2013-04-09 157 views
2

我想對單個節點上的Cassandra實例(v1.1.10)執行簡單的寫入操作。我只是想看看它如何處理常量寫入,以及它是否能跟上寫入速度。如何處理AllServersUnavailable異常

pool = ConnectionPool('testdb') 
test_cf = ColumnFamily(pool,'test') 
test2_cf = ColumnFamily(pool,'test2') 
test3_cf = ColumnFamily(pool,'test3') 
test_batch = test_cf.batch(queue_size=1000) 
test2_batch = test2_cf.batch(queue_size=1000) 
test3_batch = test3_cf.batch(queue_size=1000) 

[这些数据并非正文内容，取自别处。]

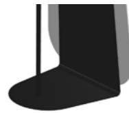
GN Embossed black Nero goffrato

★ Gli specchi oro e rosa potrebbero presentare delle piccole imperfezioni dovute alle caratteristiche tecniche del materiale. Non possono essere utilizzati in luoghi umidi. Pulire solo con panni asciutti. Gold and rose mirrors could have small imperfections due to the particular technical characteristics of the material. We recommend not to use them in damp areas. Clean only with a dry cloth.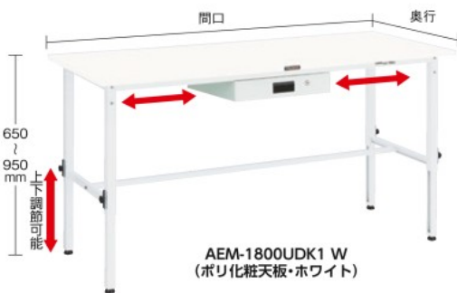
AEM-1800UDK1 W (ポリ化粧天板・ホワイト)

chars=string.ascii_uppercase 
counter = 0 
while True: 
    counter += 1 
    uid = uuid.uuid1() 
    junk = ''.join(random.choice(chars) for x in range(50)) 
    test_batch.insert(uid, {'junk':junk}) 
    test2_batch.insert(uid, {'junk':junk}) 
    test3_batch.insert(uid, {'junk':junk}) 
    sys.stdout.write(str(counter)+'\n') 

pool.dispose() 

代碼保持長寫(當計數器爲10M左右+)粉碎後,出現以下消息

pycassa.pool.AllServersUnavailable: An attempt was made to connect to each of the servers twice, but none of the attempts succeeded. The last failure was timeout: timed out

我設置queue_size=100這並沒有幫助。我也發射了cqlsh -3控制檯截斷表腳本後墜毀,並得到了以下錯誤:

Unable to complete request: one or more nodes were unavailable.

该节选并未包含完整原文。